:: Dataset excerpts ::
:::::

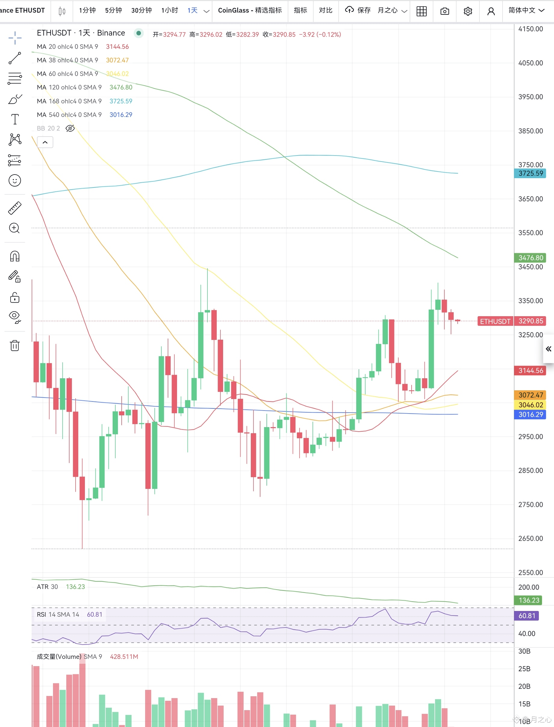 ETH在3290附近磨了这么久也是佩服,这种行情最容易亏钱,因为手一痒就想操作,一操作就被打脸,昨晚看楼下两只🐱能在一个老鼠洞口趴半天,这份定力值得我们学学。
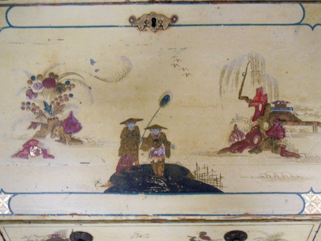 English chinoiserie, 2 drawers. Approx. 21.75" x 16" D x 38" H.
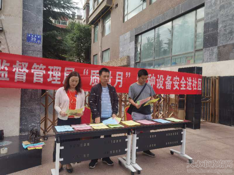 随着天水市2020年“质量月”主题宣传活动不断深入推进,9月11日,市市场监管局组织特监科、市特检所工作人员开展特种设备安全宣传进社区活动。
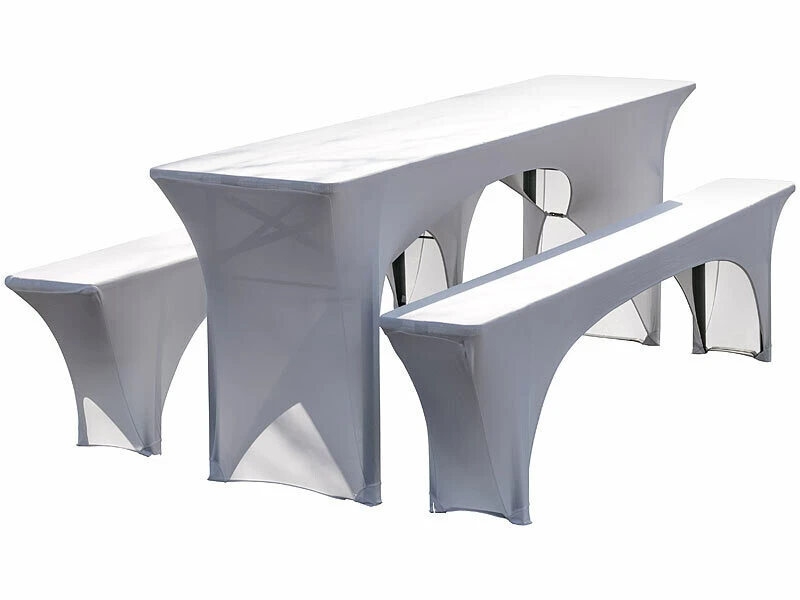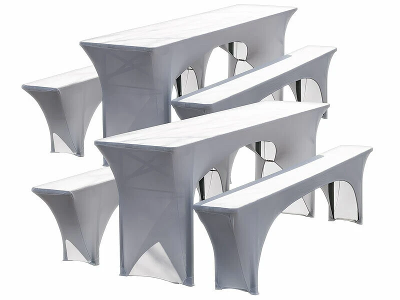 Embellissez vos tables de jardin avec ces 6 housses extensibles pour tables et bancs, coloris blanc, de la marque Infactory. Les housses élastiques recouvrent vos tables et vos bancs pour leur conférer un aspect lisse et homogène.
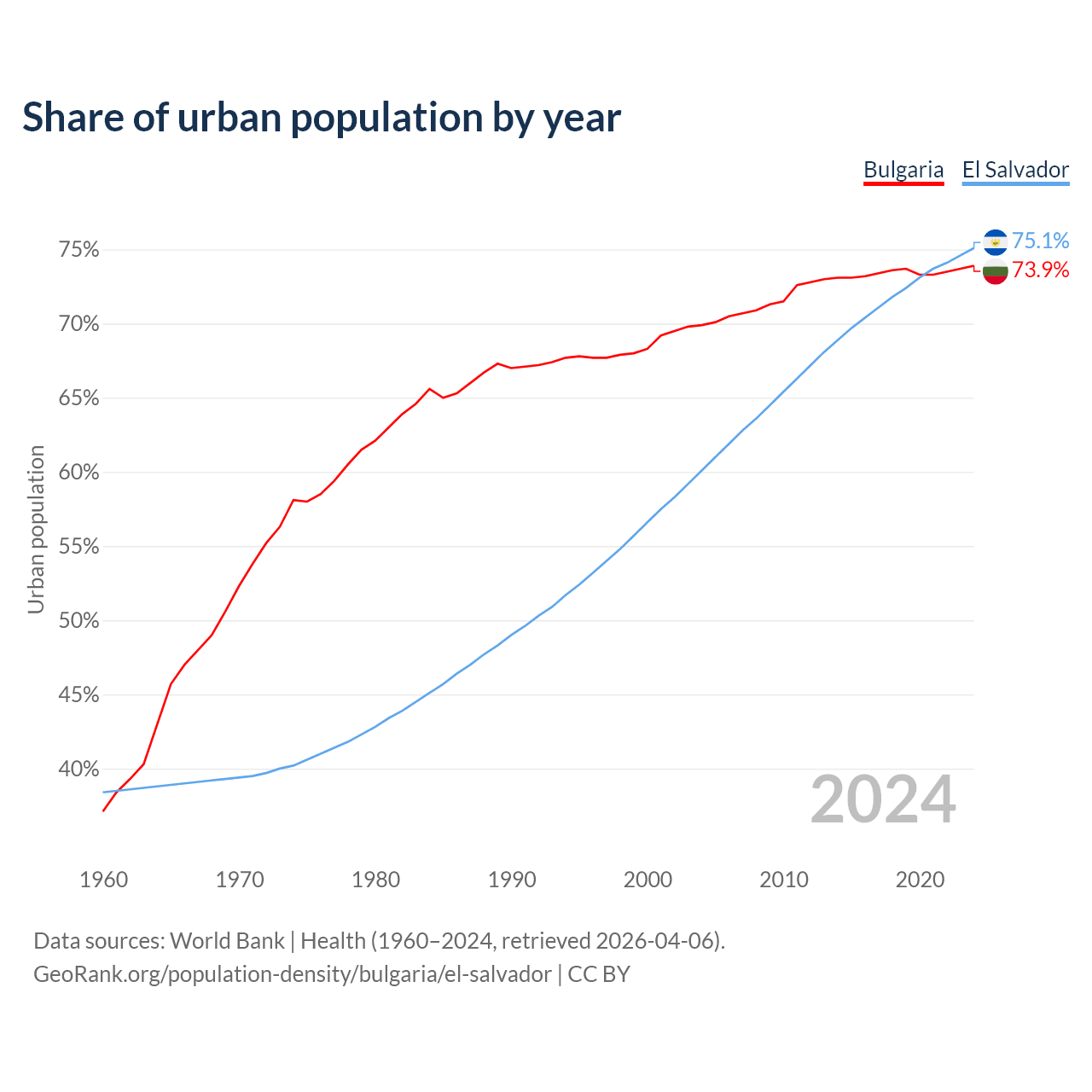 From 2004 to 2024, the share of urban population changed from 69.9% to 73.9% in Bulgaria and from 60.1% to 75.1% in El Salvador.
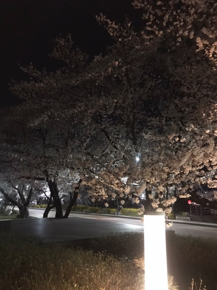 오늘은 꽃을 구경하러 나온 사람이 몇 명 보인다. 젊은 친구 4~5명이 돗자리를 펴놓고 맥주인지 음료수인지 웃음소리 함께 가로등 불이 비춰주는 벚꽃 밑에 앉아있다. 그들을 피해서 사진 한 장 찍고 강이 흐르는 내길로 걷는다.
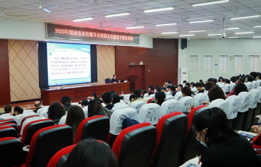 本次培训班为期3天,开展了9个单元的教学。中央马克思主义理论研究与建设工程首席专家骆郁廷教授主讲《坚持以文化人,弘扬大学精神》,武汉大学思想政治教育研究院副院长项久雨教授主讲《中国道路的战略求索——党的十九届五中全会精神》,中国自然辩证法研究会副理事长陈凡教授主讲《文化与科技融合的创新文化》,省委宣传部理论宣讲工作处一级调研员柳行主讲《用习近平新时代中国特色社会主义思想引领大学校园文化建设》,江西师范大学马克思主义学院博导韩桥生教授主讲《如何将优秀传统文化和社会主义核心价值观渗透德育全过程》,中南大学建筑与艺术学院党委副书记张金学分享了《思政教育与校园文化建设》,中南大学马克思主义学院副教授王莎分享了《用好大数据,创新高校思想政治教育》,湖南师范大学化学化工学院党委副书记罗艳分享了《“6度”解锁新时代校园文化品牌培育路径》,雷竞技官网汽机学院辅导员彭琼英分享了《坚定文化自信,讲好中国故事》。
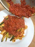 Topped with lasagna noodles, mozzarella cheese, tomato sauce, and ground beef.

:::::

Since the copy must exclude the pictures, transcribe only the text of the records, word for word.

 ETH在3290附近磨了这么久也是佩服,这种行情最容易亏钱,因为手一痒就想操作,一操作就被打脸,昨晚看楼下两只🐱能在一个老鼠洞口趴半天,这份定力值得我们学学。
 English chinoiserie, 2 drawers. Approx. 21.75" x 16" D x 38" H.
 随着天水市2020年“质量月”主题宣传活动不断深入推进,9月11日,市市场监管局组织特监科、市特检所工作人员开展特种设备安全宣传进社区活动。
 Embellissez vos tables de jardin avec ces 6 housses extensibles pour tables et bancs, coloris blanc, de la marque Infactory. Les housses élastiques recouvrent vos tables et vos bancs pour leur conférer un aspect lisse et homogène.
 From 2004 to 2024, the share of urban population changed from 69.9% to 73.9% in Bulgaria and from 60.1% to 75.1% in El Salvador.
 오늘은 꽃을 구경하러 나온 사람이 몇 명 보인다. 젊은 친구 4~5명이 돗자리를 펴놓고 맥주인지 음료수인지 웃음소리 함께 가로등 불이 비춰주는 벚꽃 밑에 앉아있다. 그들을 피해서 사진 한 장 찍고 강이 흐르는 내길로 걷는다.
 本次培训班为期3天,开展了9个单元的教学。中央马克思主义理论研究与建设工程首席专家骆郁廷教授主讲《坚持以文化人,弘扬大学精神》,武汉大学思想政治教育研究院副院长项久雨教授主讲《中国道路的战略求索——党的十九届五中全会精神》,中国自然辩证法研究会副理事长陈凡教授主讲《文化与科技融合的创新文化》,省委宣传部理论宣讲工作处一级调研员柳行主讲《用习近平新时代中国特色社会主义思想引领大学校园文化建设》,江西师范大学马克思主义学院博导韩桥生教授主讲《如何将优秀传统文化和社会主义核心价值观渗透德育全过程》,中南大学建筑与艺术学院党委副书记张金学分享了《思政教育与校园文化建设》,中南大学马克思主义学院副教授王莎分享了《用好大数据,创新高校思想政治教育》,湖南师范大学化学化工学院党委副书记罗艳分享了《“6度”解锁新时代校园文化品牌培育路径》,雷竞技官网汽机学院辅导员彭琼英分享了《坚定文化自信,讲好中国故事》。
 Topped with lasagna noodles, mozzarella cheese, tomato sauce, and ground beef.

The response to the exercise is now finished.